# [WIP][TEAMROU]ROU Launcher - updated 10/4/11



## linuxmotion (Jun 12, 2011)

Team ROU - Aiming to bring a simple, yet elegant UI to Android

*We are currently looking for *experienced developers* to release the launcher faster so if you are interested in helping us, please contact our head developer at [email protected]

Members:
redbullcat - Publicist / Organizer
cryshop - Head Concept & Graphics Designer
tyl3rdurden & linuxmotion - Head Developers
mohit1234 - Graphics Designer
wozzall - Team Admin

The launcher is based off of cryshop's UI from March and has been updated quite a lot since then. You can find the latest concept video *here*

You can follow us on our *Twitter* for the latest updates 

You might think 'oh hey another cool concept but its probably gonna stay at that' BUT, we are IN development and in early alpha stages with a working launcher. Here are some alpha build screenshots:
















We are doing our best to bring it to you as soon as possible and with hopefully more developers interest(get experienced developers to contact us!), we hope to do exactly that. Stay tuned for more updates on the launcher and other apps we have in mind.

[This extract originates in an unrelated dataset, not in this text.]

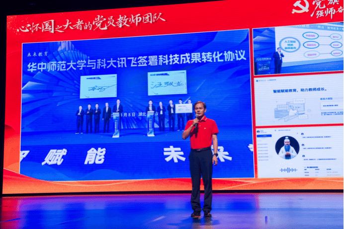 会上,学部党委书记黄涛作为代表讲述《党旗下的强师奋进足迹》沉浸式党课,生动回顾了学部党建与事业发展深度融合的实践成果。他强调,学部自成立起,便以“在高原上建高峰,抢占未来教育发展的制高点。”为目标指引,以创建全国党建工作标杆院系为重要契机,全力开辟教育数字化新赛道上“华师路径”。黄涛重点介绍了教育信息科学与技术教师团队(全国高校黄大年式教师团队)、国家数字化学习工程技术研究中心教工第一党支部(全国高校“双带头人”教师党支部书记工作室)、本科生党支部(全国党建工作样板支部)在突破智能教育“卡脖子”技术、服务教育强国建设、践行党员先锋使命的故事。他指出,从南湖畔综合楼到桂子山科学会堂,学部师生党员以只争朝夕的奋斗姿态,用实际行动诠释着共产党员的初心使命,充分彰显了学部党委为教育强国建设贡献“华师力量”的赤诚之心。

*ROU Launcher Release Information*:
Closed Beta Test: Late November
Market Release: Early/Mid December

Also, we appreciate the great interest for the launcher but please DO NOT contact us about Beta testing yet as November is a while away and we will be sure to post for applications for the closed Beta testing when November comes. Thanks.


----------



## linuxmotion (Jun 12, 2011)

Reserved For updates

Original thread: http://forum.xda-developers.com/showthread.php?t=1268704

Sent from my Incredible using Tapatalk


----------



## g00s3y (Jul 12, 2011)

Looking awesome, can't wait for this!


----------



## grondinm (Jul 30, 2011)

break from the mold. Looking very good. can't wait/


----------